While the paper is well-written and presents a solid analysis, several weaknesses need addressing:

  1. The construction of the Multifaceted Collection is costly and not scalable. GPT-4 generates preference sets for each of the 65k instructions, converts each of the 198k preference sets into a system message, and crafts gold-standard multifaceted responses for each system message.
  2. The role of system message generalization has not been clarified. What are the differences between varying the system messages for individualized alignment targets and simply using different instructions in the user prompt while maintaining the system message unchanged to reach the specified alignment targets?

问题

  1. What are the differences between varying the system messages for individualized alignment targets and simply using different instructions in the user prompt while maintaining the system message unchanged to reach the specified alignment targets? It seems that I can just use specialized instructions in user prompts to reach the same goal of aligning to individualized values. Can you comment on this?
  2. There are several typos:
    • Line 136: 5 datasets, not 4
    • Line 152: Appendix B.1?
    • Line 286: Appendix G.1? And so on

局限性

The construction of the Multifaceted Collection is costly and not scalable. And the role of system message generalization is unclear. It is not explained how varying system messages for individualized alignment targets differs from using different instructions in user prompts while keeping the system message unchanged.

作者回复

Dear reviewer k2dN, thank you for the important remarks that will help us better shape our contributions. We will address your concerns in weaknesses (W1, W2) and questions (Q1, Q2) below.


Redefining the scalability of our approach (W1)
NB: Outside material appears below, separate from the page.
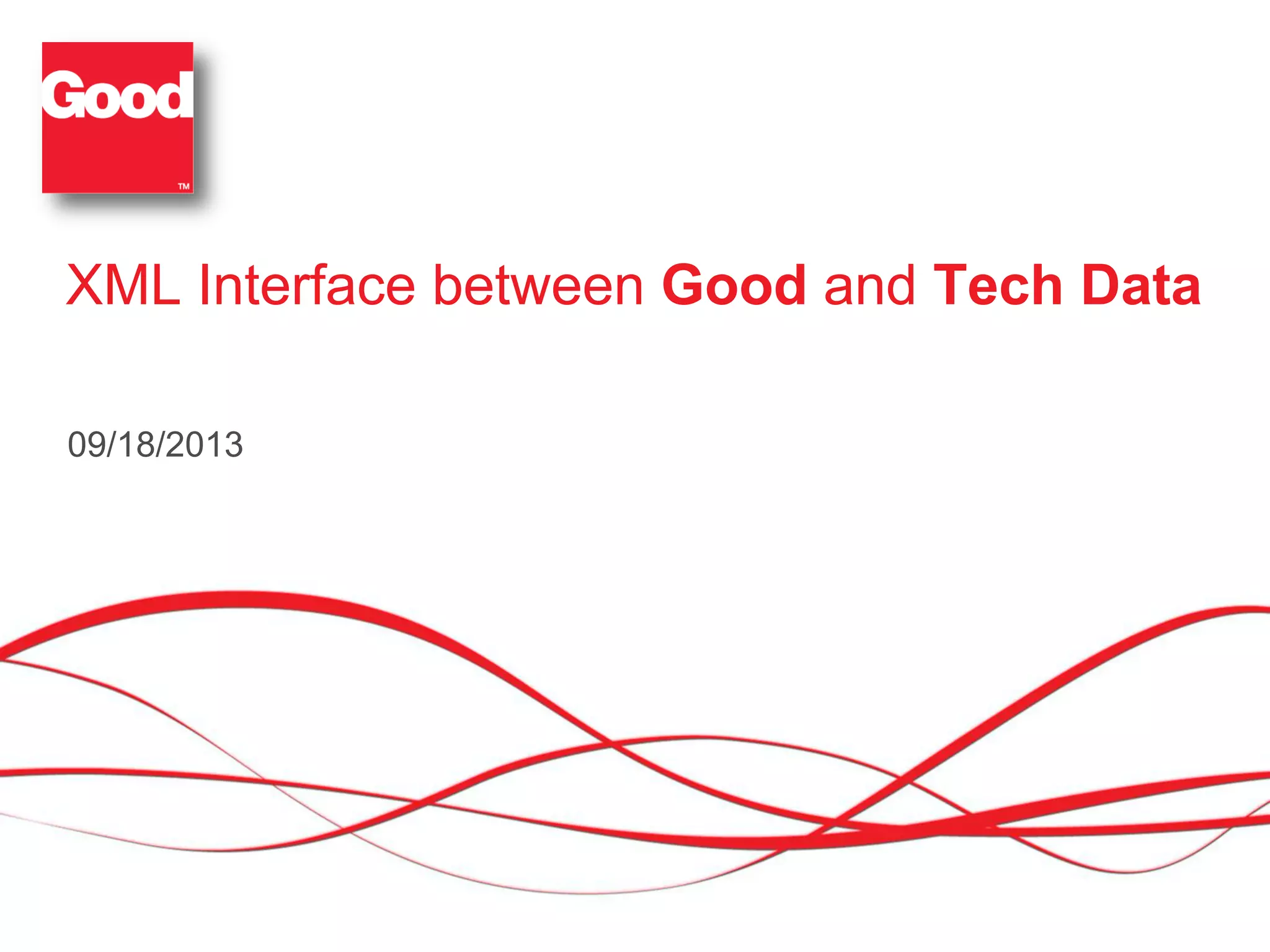 The document discusses Good Technology's plan to implement an XML interface with Tech Data to automate the exchange of purchase orders and quotes between their systems. Currently, this process is done manually through email. The new interface will use XML to automatically send quotes from Good Technology's Salesforce system to Tech Data, and receive purchase orders back. This will streamline the quote-to-cash process and allow faster communication and order execution between the companies. The project will proceed through testing and implementation stages with defined resource commitments from both companies.

Creating a synthetic dataset can indeed be costly, and it is challenging to consider the values of every individual in the world when generating data. However, this does not necessarily mean that the process is not scalable. According to previous studies [1, 2, 3], training with a sufficiently diverse and large dataset can enable language models to address problems requiring skills they have not explicitly learned. As shown in Table 2, all the preferences used in the benchmark are ones that Janus has not encountered during training. Nonetheless, Janus's superior performance compared to the baselines suggests that it possesses significant generalizability. We believe that our approach can overcome the scalability problem in individualized alignment by previous personalized RLHF approaches (Section 2).


Discussing the role of system messages for individualized alignment (W2, Q1)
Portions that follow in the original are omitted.